Title: Lost Purpose (Pt 2/2)
Author: unwinding fantasy (formerly Aqua Phoenix1)
Disclaimer: Don't own The Matrix.
Rating: K+ (slashy undertones abound.)
Pairing: Smith x Neo


Smith…I know you won't believe this -- after all, it's in your nature to disagree with me -- but I do understand how you feel… I felt exactly the same before I was freed. Every day was like the one before: depressing, tedious, dull. My life was a colourless, meaningless existence and not a single day went by that I didn't contemplate suicide. I needed to rid myself of these God-awful emotions.

I'm grateful that somewhere deep inside I knew there was some reason behind it all. There had to be. It wasn't real enough. I guess that's why I so readily accepted my destiny. True, at first I didn't want things to change -- hell, any human would prefer a normal life to something strange and new -- …but I couldn't refuse. In Zion I had a meaning. It was what I had longed for all my life, a sense of belonging. I can understand that now.

Then came Trinity. Her love for me knew no boundaries; she was the only one who gave me reason to live on, to keep fighting.
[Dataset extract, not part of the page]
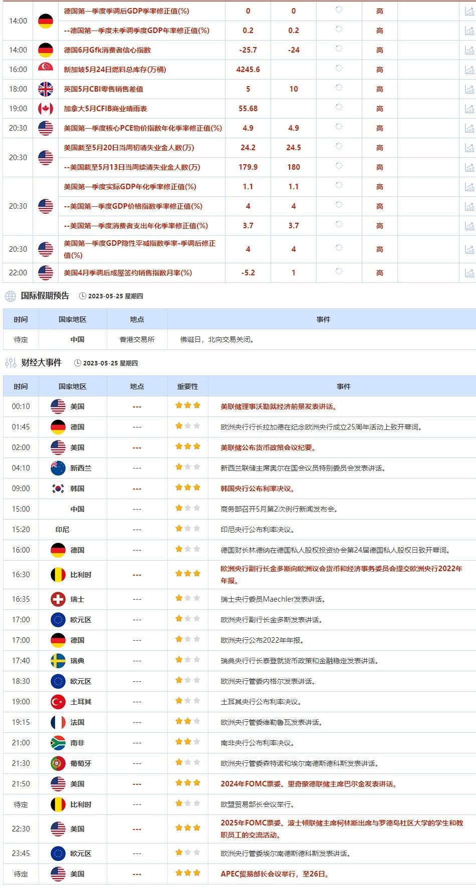 4.裕信银行:若美国达成债务上限协议 美元涨幅可能有限;①裕信银行研究公司表示,如果美国达成债务上限协议,美元最初可能上涨,但避险需求的减少可能侵蚀美元的部分涨幅。即便在这种情况下,美元还可能从投资者进一步缩减美联储降息预期的举措中得到支撑;

But you, Smith… you gave me purpose. I think that was even more important than the love I received from her. I at least owe you that much.

Truth be told, I'm still feeling empty. At least I was needed before. I was the only one who stood a chance at liberating the coppertops and bringing the Matrix to an end. But now I've completed my objective and I hate this feeling of desolation that comes with my loss of purpose, of growing obsolete, last year's car model. Trinity's gone too, just another reminder of my incompetence. Sometimes I blame you for it because if you hadn't blinded me maybe I would have been able to save her. But I also know it's only human nature at work trying to cleanse my guilt-ridden conscience. I know there's no one to blame but myself, but I still haven't come to terms with her passing away. I miss the strong reassurance she gave me. That meant more than all the faith of Zion.

So... you find yourself trapped in another prison, one just as artificial as the Matrix itself. This may come as a surprise to you, but Zion was just as confining. I couldn't go anywhere without being recognized. I was continually burdened by millions of insignificant questions; people wanted my opinions when in actuality my opinion's no better than anyone else's. I felt… stupid. Ridiculed. Like there was no true reason for me to continue living. Then I was back in that uncomfortable chair with my headphones blaring cryptic songs, slumped over my desk while meaningless messages scrawl across my computer screen. And I felt like dying.

Everyone back home (Home? Did I ever really have one?) expects so much of me. Surely they still believe I will return to them. But I'm not a god. I was driven crazy by all that pressure. I know it must sound selfish to you, but I can't reject my feelings. That would be denying my own humanity. I must accept them and turn them to my own advantage. It's the only way I can blunder my way through another awkward day as mankind's "savior."

I want to tell you I hate you. I want to say that the very thought of you makes me nauseous. But I can't. You don't make me angry anymore and that scares me shitless. The thought of fighting you again excites me, re-energizes my body -- it's like the euphoria that only the highest quality hash brings, but better. And I feel like my life has meaning again. I want to fight you. I want my purpose back.